Now the focus seems to be on child spacing. What is the perfect space between children? Two years? Four years? Among my friends there is one couple who spaced their children 11 months apart and, although difficult in the beginning, it has worked out well for them. Another couple is purposely waiting five years before even thinking about having another child and wouldn't have it any other way. So what's a couple to do?

I am pretty sure that Rob and I had the "baby discussion" long before we were even dating. We were close friends throughout college and spent a lot of time together. Because I can't think of a single topic we didn't discuss, I am positive that babies and children had to have come up at some point. He comes from two and I come from four so we settled on three. We are 2/3 of the way there! We decided to try to space them two years apart both because we wanted them close enough to grow up together and because I wanted to be finished having kids by age 35. Our boys are 2 years and 3 months apart so we are on track so far. :)

Obviously there are positives and negatives to having children close together as well as spacing them many years apart. I've heard all the reasons but I've never taken the time to write anything down. As you know from previous posts, lists are my specialty. :) I am a planner and enjoy seeing things neatly arranged in front of me.
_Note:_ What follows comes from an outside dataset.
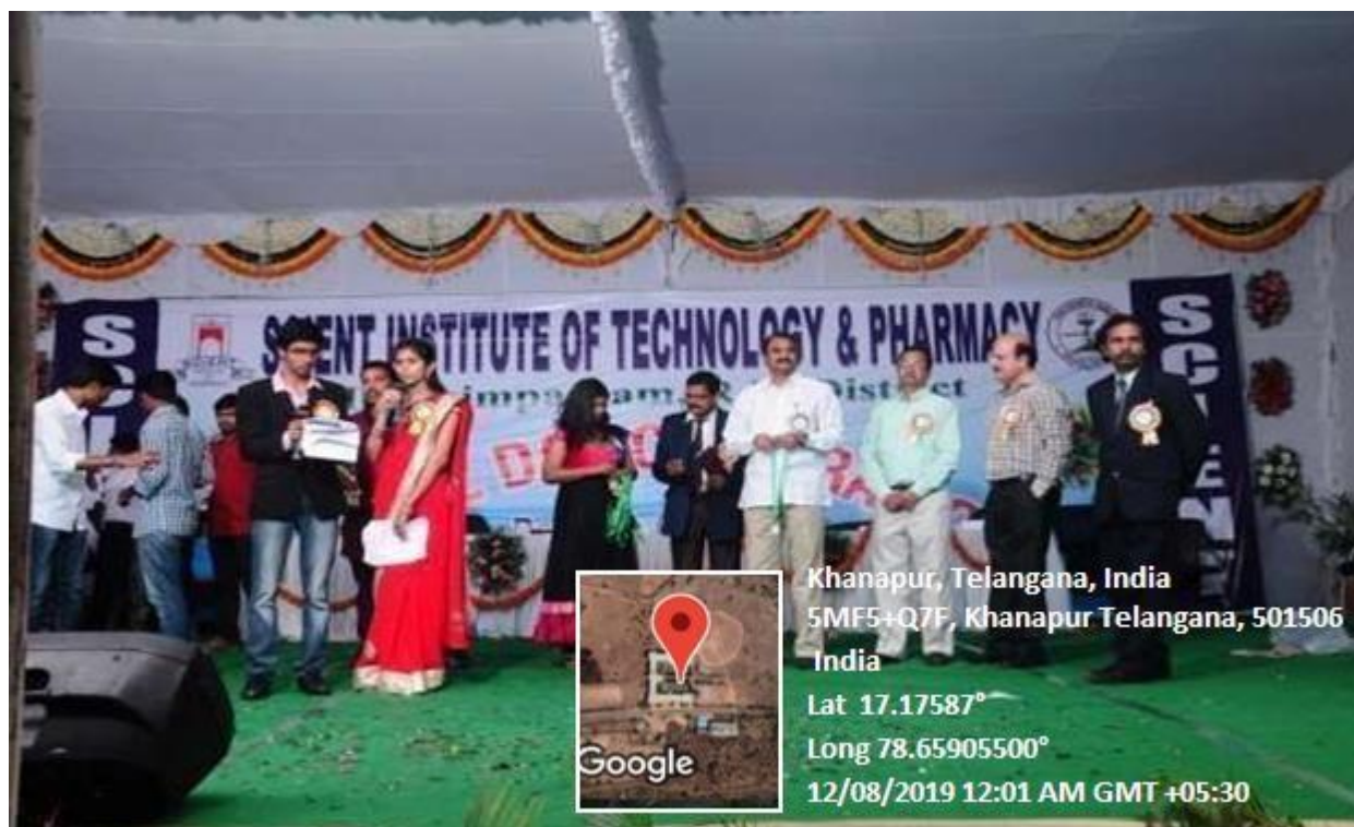
One of the faculty member giving a speech on Youth Day

So here goes...

Benefits to Closely Spacing Your Children:

-They can share toys, games, movies, music, etc... and will most likely be interested in the types of things at the same time.

-Because of their similiar interests, there is a good chance they will become natural playmates.

-You will be able to put them on the same schedule- eat at the same time, nap at the same time, go to school at the same time, etc...

-The older one will be too young to know what jealousy is.

-The older one will not remember life without his/her sibling so there will be no issues of "only child syndrome" to tackle.

-You can reuse baby gear (carseats, swings, high chairs, bouncers, carriers, etc) because the safety standards will not change that much such a short period of time.

-As one child ends a phase, the next will begin it. Since you're already in the trenches, you might as well stay there! ;)


Benefits to Spacing Children Further Apart:

-You will have time to get to know and enjoy one child before you have another.

-You will be able to get your body back (for a while anyway) before you get pregnant again.

-The older child will be able to help out (bring you a diaper, entertain the baby while you shower, put the pacifier back in the baby's mouth, etc...)

-You will have time to rediscover yourself and your interests before becoming absorbed once again with a newborn.

-The older child will be somewhat independent and able to entertain himself/herself when you need to tend to the baby.

-You will have taken a breather from babyhood for a while and may be able to start again with a fresh outlook as well as the knowledge of what works and what doesn't.

-You will never have to worry about having two in diapers at the same time! :)

A quote from http://www.growingafamily.com/ nicely sums up what I would like to say to all of my friends who are struggling with the topic of child spacing: "It all works out in the end. Parents tend to advocate whatever age gap their kids end up with, finding it hard to imagine life any other way. So don't worry; you'll enjoy benefits no matter when your second child arrives and probably feel the timing was just right."